# powercommander V installed!



## robisra (Dec 13, 2009)

I had ordered a pcV from fuelmotousa, along with the autotune module. I asked them to create a map based on the specs in my signature. When it arrived on friday, I saved the map to a file on my pc. The pcV map files are .pvm files. I'd like to upload it to the site, but I cant upload pvm files. Can ya'll config the site to allow the upload of pvm files? Also, maybe create a pcV folder? 

I bought a small plastic tackelbox at walmart for $1.98. THen, I used my dremal to cut out the dividers and cut a hole for the cable. I velvro-ed the pcv in the box, used rtv silicon around the lid and cable, and zip tied it to the top of the ecm. It stayed perfectly dry after a very muddy day at doles.

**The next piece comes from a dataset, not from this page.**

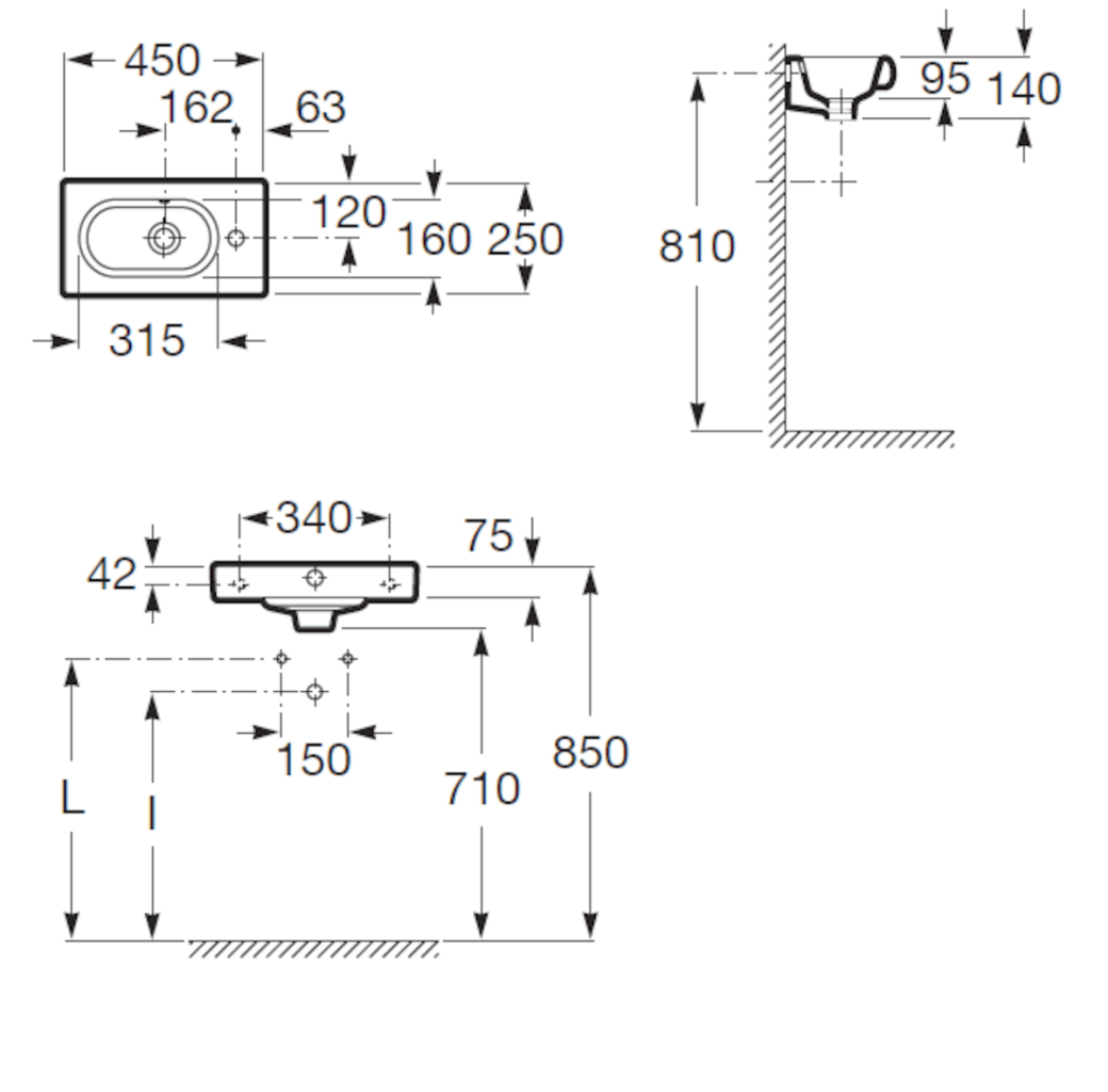 Dotaz na produkt Na splátky ještě dnesUmývátko o rozměrech 45x25 cm s otvorem na baterii vpravo. Součástí balení je sada na uchycení umyvadla na zeď, součástí balení není sifon a vodovodní baterie-

Also, the thing works great! I haven installed the autotune yet, but the map works excellent. Everything is very smooth, no pops, hiccups, tons of power. I am very satisfied.


----------



## phreebsd (Dec 16, 2004)

i sure can fix it for pvm files. i'll make a place for you to place them!

thanks!!


----------



## phreebsd (Dec 16, 2004)

all fixed up for ya


----------



## robisra (Dec 13, 2009)

i just tried to upload again and get the error message "You may only upload or link to the following extensions: zip rar tar gz pdf exe doc xls xlsx docx djm mpg mpeg avi mov".


----------



## phreebsd (Dec 16, 2004)

oh yeah i forgot the file type. doh!
one sec...


----------



## phreebsd (Dec 16, 2004)

ok now it's really fixed


----------



## meangreen360 (May 3, 2009)

Is this only avaliable for the 09 brute? Do you have to buy the ignition module too?


----------



## ricster4x4 (Jul 26, 2009)

This is great to hear I have the PC V (it runs fine under water so far lol) but don't have the auto-tune I have the stock setting but want a swamp pipe please load some maps lets see what this thread can generate
thanks Rick


----------



## robisra (Dec 13, 2009)

Thanks Phree! The pcv map is loaded now. 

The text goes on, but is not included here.